We are now $16 trillion in debt and the Congressional Budget Office predicts it will be $20 trillion in 2016 if Obama is re-elected.

The interest cost on this debt is now only 1.5% but has been historically around 3%, and will probably soon rise back to 3%.  3% of $20 trillion is $600 billion a year.  This is the interest that taxpayers will pay forever every year on that debt.

The interest rate in Greece is around 6%.  If the US economy ever approaches the economic state that Greece is in—which is exactly where we are headed—then our interest rate will also be around 6%.  6% of $20 trillion is $1.2 trillion, which is the interest future generations will pay every year, forever, for the debt that we have accrued.

Is this moral?  Is it fraud?  Is it theft?

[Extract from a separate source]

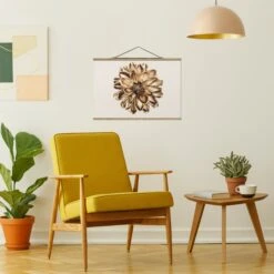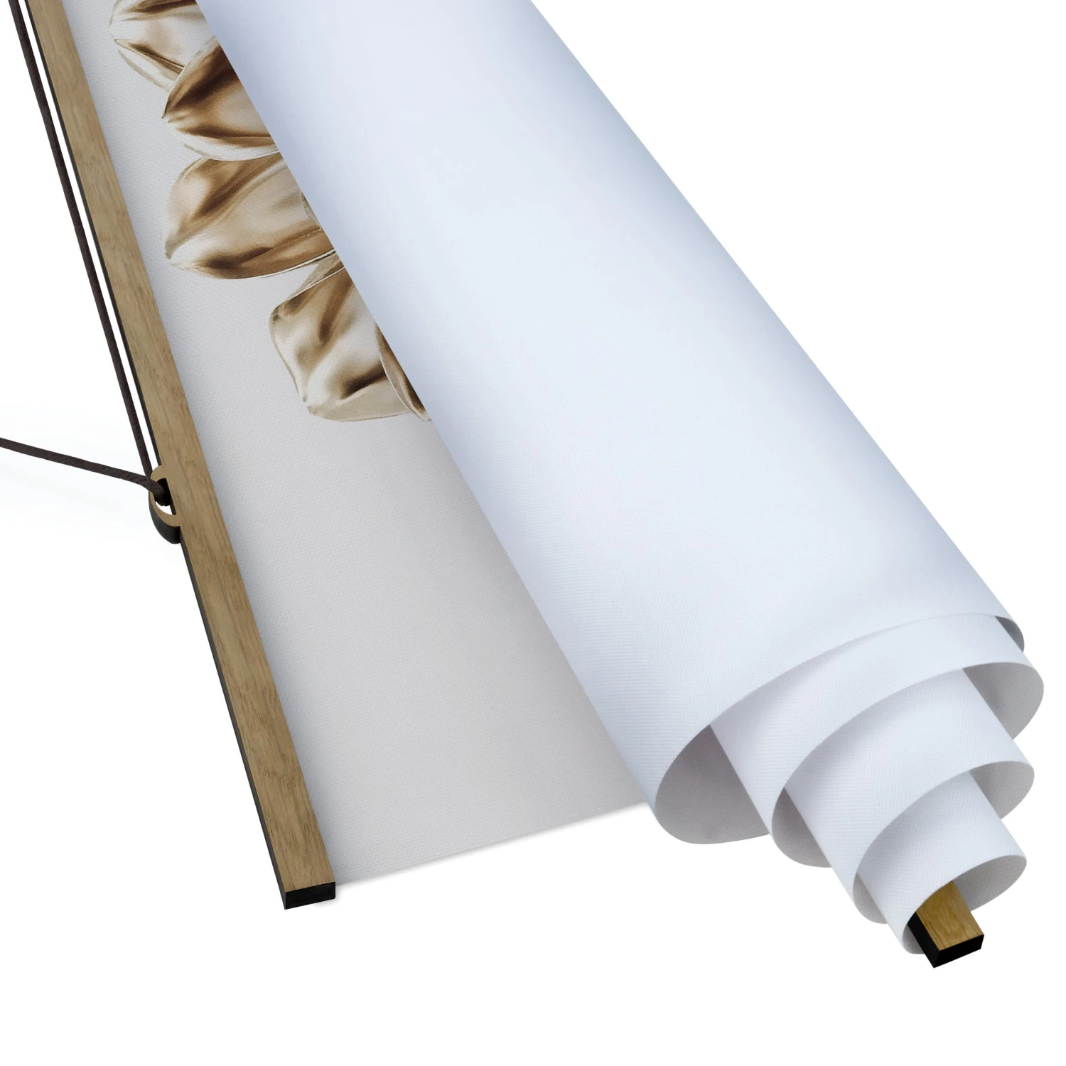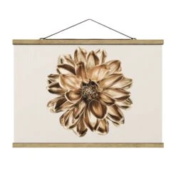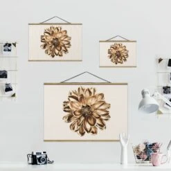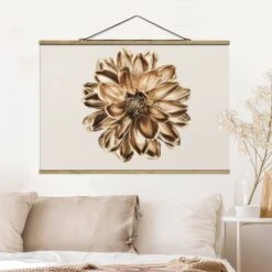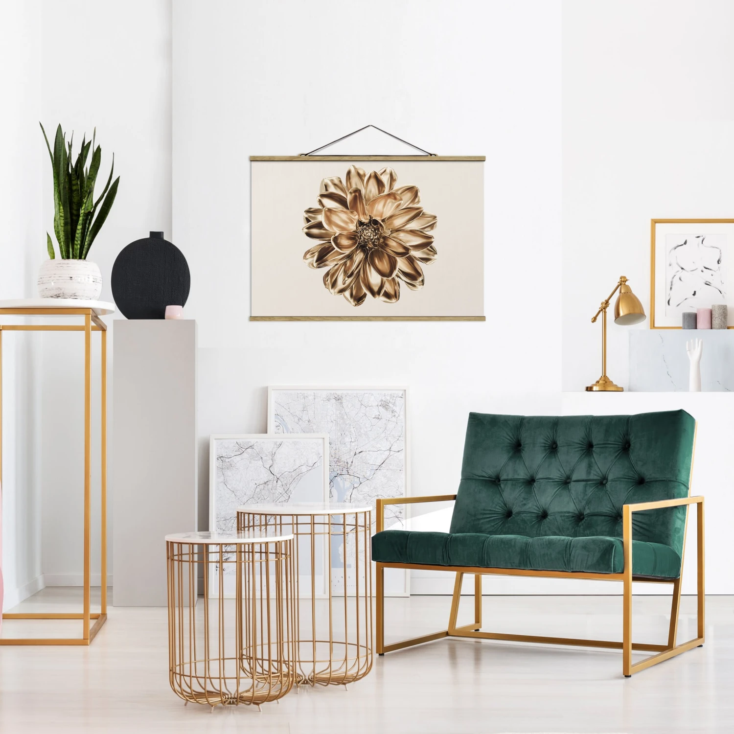 Stoffbild Mit Posterleisten – Dahlie Blume Gold Metallic In Gold

No intention of paying it back

It seems the country is borrowing money from younger people and future generations with no intention of every paying it back.   The purpose of this “borrowing” is to stimulate the economy so that present citizens can consume as much goods and services as possible.

We’ll grow the economy and then pay the debt back

The con pitch is that we are borrowing from future taxpayers to help grow the economy.  Then because the economy is bigger, the government will collect more taxes and we will use these extra taxes to pay back the debt.

But let’s look at the math:

We have around $1 trillion deficit each year, and we will continue to have this deficit for the near future.  We tax around 33% of the GDP for Federal taxes.

Thus even to balance the budget the economy, we would have to grow $3 trillion in order to pay the $1 deficit and balance the budget.

Our GDP is now around $15 trillion a year.  Thus the GDP would have to be around $18 trillion in order to balance the budget.  This means that the economy would have grow at a rate of 20%.  ($15 trillion GDP divided into $3 trillion growth.)

The economy is now growing at a rate around 2%!  Thus we would need the economy to grow at 10 times the present rate!  An impossibility.

Thus there is no authentic plan to balance the budget, to create budget a surplus, or to begin paying back the debt!

To begin paying back the debt (which we say we are going to do) the economy would have to grow even faster than 20%!

Thus, the only way we could ever have a budget surplus and begin paying back the debt is by reducing spending.  Raising taxes will certainly help, but this might have a depressing effect on the economy.  Thus even though we must raise taxes for everyone the only way to have a long-term sustainable economy is to dramatically cut spending.

We call this policy austerity — a dirty word for progressives.